Not necessarily, as we don't need perfect knowledge of the past or the future, just good enough. Perhaps we can still predict with sufficient accuracy for memory and action to work.
So can we have an arrow of time in a Euclidean universe?
Consider such a universe with a singularity. Every particle has one end at the singularity. From the singularity particles head out in every direction. Close to the singularity particles have extremely low entropy - particles are packed in very dense clusters, with much less dense areas between clusters, allowing for large energy gradients.
A bit further away from the singularity, entropy is still very low, and in our local space all particles are approximately parallel.
The particles interact in predictable ways, and by pure random chance we get self perpetuating patterns in the particle strings - patterns in particle strings which "cause" other particle strings further out to bend into the same patterns. This is possible because the energy gradient causes predictable behaviour which the patterns can exploit to modify the shape of other particles. Then evolution kicks in, and the rest, as they say, is history.
To a conscious being in such a universe their perception of time will be in the direction directly opposite to the singularity.
Could the same thing happen in our universe? Could the arrow of time point in a spacelike direction instead of a timelike one?

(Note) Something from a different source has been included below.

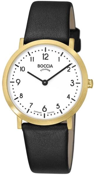 Márka: BOCCIA TITANIUM | Modell: 3335-02 | Garancia: 2 évek | Szín: fekete | Tok színe: arany árnyalat | Tok anyaga: titán | Táplálás: elem | Szíj anyaga: bőr | Vízálloság: 50M/5ATM | Üveg: zafír | Forma: kerek | Számjegyek a számlapon: arab | Rendeltetés: női | Termék típusa: karórák | Típus: analóg | Szíj szélessége: 18 | Átmérő: 34 | Vastagság: 6

No. Entropy can't increase in a vacuum - it instead increases as particles become more disordered. The arrow of time always follows particles and their interactions. Particles move slower than the speed of light, and so their trajectories are always timelike.
And so our conclusion is: It's not that the time dimension is special and allows the arrow of time to exist, it's rather that the time dimension prevents the arrow of time from existing in a spacelike dimension by blocking particles from moving faster than .
Which is perhaps a bit obvious, but I found the exercise of visualising all this helpful for better understanding the arrow of time.
To be precise: In a universe with infinite particles, given a snapshot orthogonal to a time axis I can calculate the state of any point in spacetime to arbitrary precision in a finite amount of time. Given a snapshot in space orthogonal to a space axis I cannot.
Greg Egan's story Orthogonal is set in such a Euclidean universe. His website contains a wealth of information about the physics of such a universe.